Olamide Adegboye is a Nigerian born visual artist based in London whose work explores the intentionality of the unseen. Using photography as a language of honour, he documents human stories often left unrecorded.
These range from the quiet strength of women to the sacred presence of elders and the spiritual weight carried in everyday life. Since relocating to London, his practice has become a reflection on cultural memory and displacement. He describes this responsibility as “carrying my culture on my head,” which is a commitment to preserving identity in public spaces where memory can easily fade.
This philosophy informs his flagship conceptual series Ara Ní ń Rántí, Ẹ̀mí Ní ń Rí (Body Remembers, Spirit Sees), which explores the spiritual aura and collective presence African communities carry across borders.
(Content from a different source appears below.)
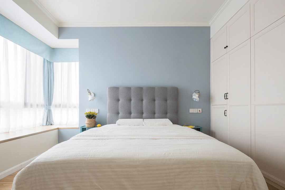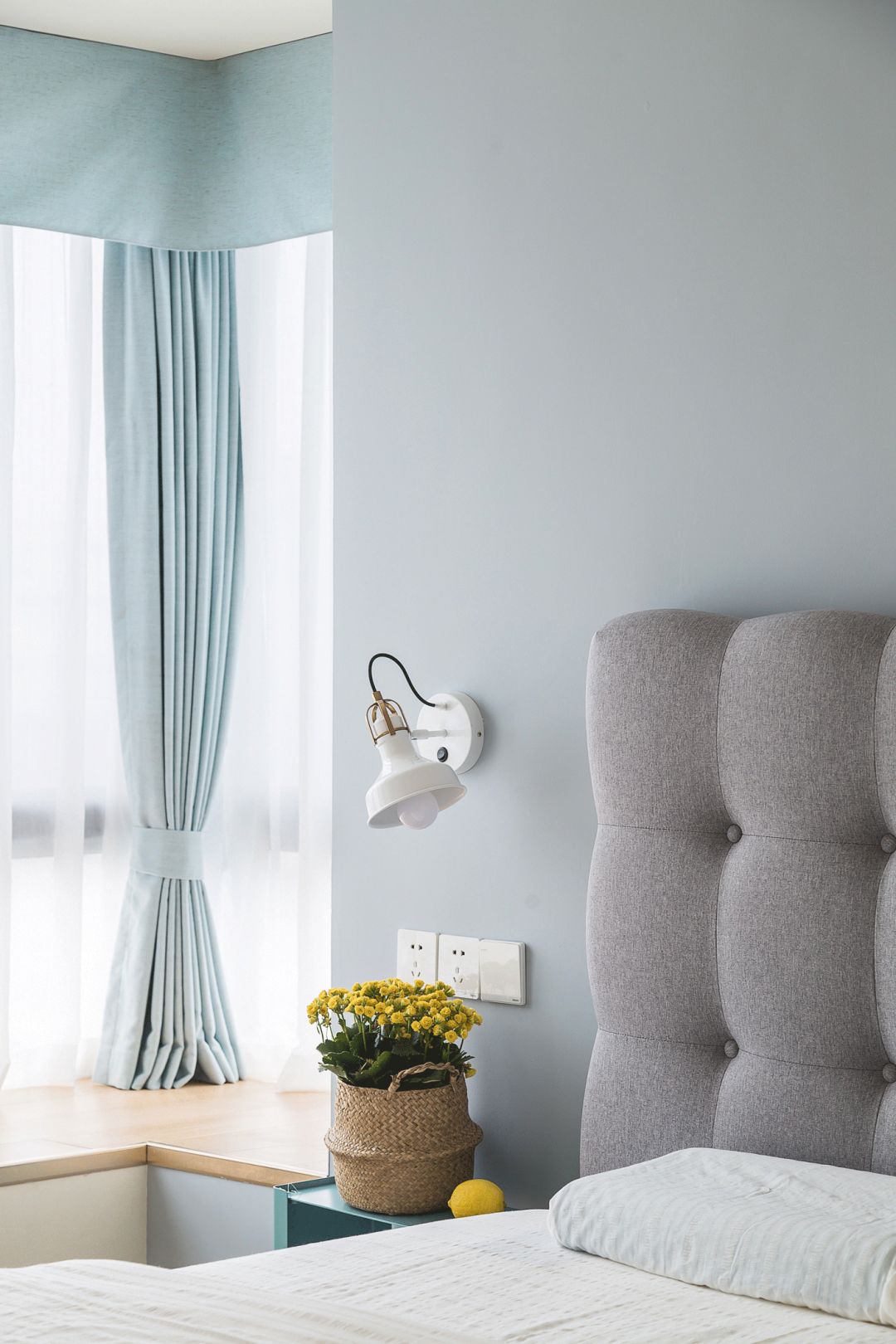 主卧室的衣柜设计成了嵌入式的,没有占用多余的空间,看上去比较整洁干净。床头的小壁灯,为睡前的阅读,提供了很好的光照。
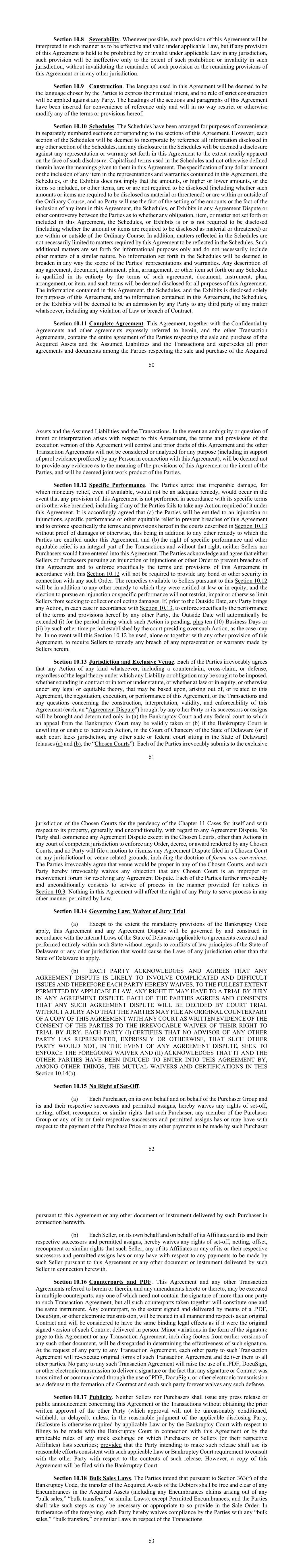 60第10.8节可分割性。只要有可能,本协议的每一项条款将被解释为根据适用法律有效和有效,但如果本协议的任何条款被认为是任何法域的适用法律所禁止或无效,则该条款将仅在该法域的此类禁止或无效范围内无效,而不会使该条款的其余部分或本协议的其余条款或在任何其他法域无效。第10.9节施工。本协议中使用的语言将被视为双方为表达其共同意图而选择的语言,不会对任何一方适用严格的解释规则。本协议各章节和段落的标题仅为便于参考而插入,绝不会限制或以其他方式修改本协议的任何条款或规定。第10.10节附表。为方便起见,已将附表安排在与本协定各节相对应的单独编号的节中。然而,附表的每一节将被视为通过引用纳入附表任何其他节中披露的所有信息,而附表中的任何披露将被视为针对本协议中规定的任何陈述或保证的披露,其范围在此类披露的表面上显而易见。附表中使用且其中未另行定义的大写术语具有本协议赋予它们的含义。本协议、附表或展品所载的陈述和保证中对任何美元金额的说明或任何项目的列入,并不意味着这些金额或更高或更低的金额或如此包括的项目或其他项目被或不被要求披露(包括这些金额或项目是否被要求披露为重大或威胁)或在普通课程范围内或范围外,且任何缔约方都不会利用本协议、附表、或任何协议争议中任何项目被列入的金额设定事实或展品这一事实或各方之间的任何协议争议或其他争议中的任何义务、项目或事项未在本协议、附表或展品中列出或包含是否被要求披露(包括该金额或项目是否被要求披露为重大或威胁)或在普通课程范围内或之外。此外,附表所反映的事项不一定限于本协定要求在附表中反映的事项。此类附加事项仅供参考,不一定包括其他类似性质的事项。附表中列出的任何信息都不会被视为以任何方式扩大了缔约方的陈述和保证的范围。对任何协议、文件、文书、计划、安排或任何附表所列其他项目的任何描述,均受该等协议、文件、文书、计划、安排或项目的条款的全部限定,且该等条款将被视为为本协议的所有目的而披露。本协议、附表和展品中包含的信息仅为本协议的目的而披露,本协议、附表或展品中包含的任何信息均不会被视为任何一方向任何第三方承认任何事项,包括任何违法或违约行为。第10.11节完整协议。本协议连同此处明确提及的保密协议和其他协议以及其他交易协议,包含各方关于收购资产和假定负债的买卖和交易的全部协议,并取代各方之前关于收购61资产和假定负债的买卖和交易的所有协议和文件。如果出现与本协议有关的模棱两可或意图或解释问题,本协议执行版本的条款和规定将控制本协议和其他交易协议的先前草案,不会出于任何目的(包括支持任何人就本协议提供的口头证据)进行审议或分析,将被视为不提供任何关于本协议条款含义或双方意图的证据,并将被视为双方的共同工作产物。第10.12节具体表现。双方同意,不可挽回的损害,对其而言,即使可以获得金钱救济,也不是适当的补救措施, 如果本协议的任何条款未按照其具体条款履行或以其他方式被违反,包括如果任何一方未能根据本协议采取其要求的任何行动,则会发生这种情况。据此商定,(a)双方将有权获得一项或多项强制令、特定履行或其他衡平法救济,以防止违反本协议,并在没有损害或其他证据的情况下在法院具体执行第10.13节所述的本协议条款和规定,这是对双方根据本协议有权获得的任何其他补救的补充,以及(b)特定履行和其他衡平法救济的权利是交易的组成部分,没有这项权利,卖方和买方都不会订立本协议。双方承认并同意,为防止违反本协议并根据本条第10.12款具体执行本协议条款和规定而寻求强制令或强制令或其他命令的卖方或买方将不需要提供与任何此类命令有关的任何保证金或其他担保。根据本条第10.12款向卖方提供的补救办法将是他们在法律上或公平上有权获得的任何其他补救办法的补充,而选择寻求强制令或具体履行将不会限制、损害或以其他方式限制卖方寻求收取或收取损害赔偿。如果在外部日期之前,任何一方提出任何诉讼(在每种情况下均根据第10.13节),以具体强制执行任何其他方履行本协议的条款和规定,则外部日期将自动延长(i)该诉讼待决期间,加上十(10)个工作日或(ii)由主持该诉讼的法院(视情况而定)确定的其他时间段。在任何情况下,本第10.12节都不会被单独使用或与本协议的任何其他条款一起使用,以要求卖方对任何违反卖方在此作出的任何陈述或保证的行为进行补救。第10.13节管辖权和专属地点。每一方当事人不可撤销地同意,任何任何类型的诉讼,包括反诉、交叉索赔或抗辩,无论根据何种法律理论可能寻求施加任何责任或义务,无论是在合同或侵权或法规中听起来,还是在法律或衡平法中,或在任何法律或衡平法理论下以其他方式,可能基于、产生于或与本协议、本协议的谈判、执行或履行有关,或交易以及与构造、解释、有效性有关的任何问题,由任何其他方或其继承人或受让人提起的本协议(每一项,“协议争议”)的可执行性将仅在(a)破产法院和任何可能有效地向其提出破产法院上诉的联邦法院或(b)如果破产法院不愿意或无法审理此类诉讼,则在特拉华州衡平法院(或如果该法院缺乏管辖权,则在特拉华州开庭的任何

A central pillar of his work is Notting Hill Carnival: A Living Archive. This is an ongoing documentary and cultural preservation project investigating the visual language of rhythm, fabric, and collective joy.
In 2025, Adegboye was commissioned by the Royal Borough of Kensington and Chelsea to create the official visual record of the event for public communications, placing his work within the UK’s public cultural archive. Through his practice, Adegboye positions photography not simply as documentation, but as an act of remembrance, revealing the unseen forces that shape identity, culture, and collective legacy.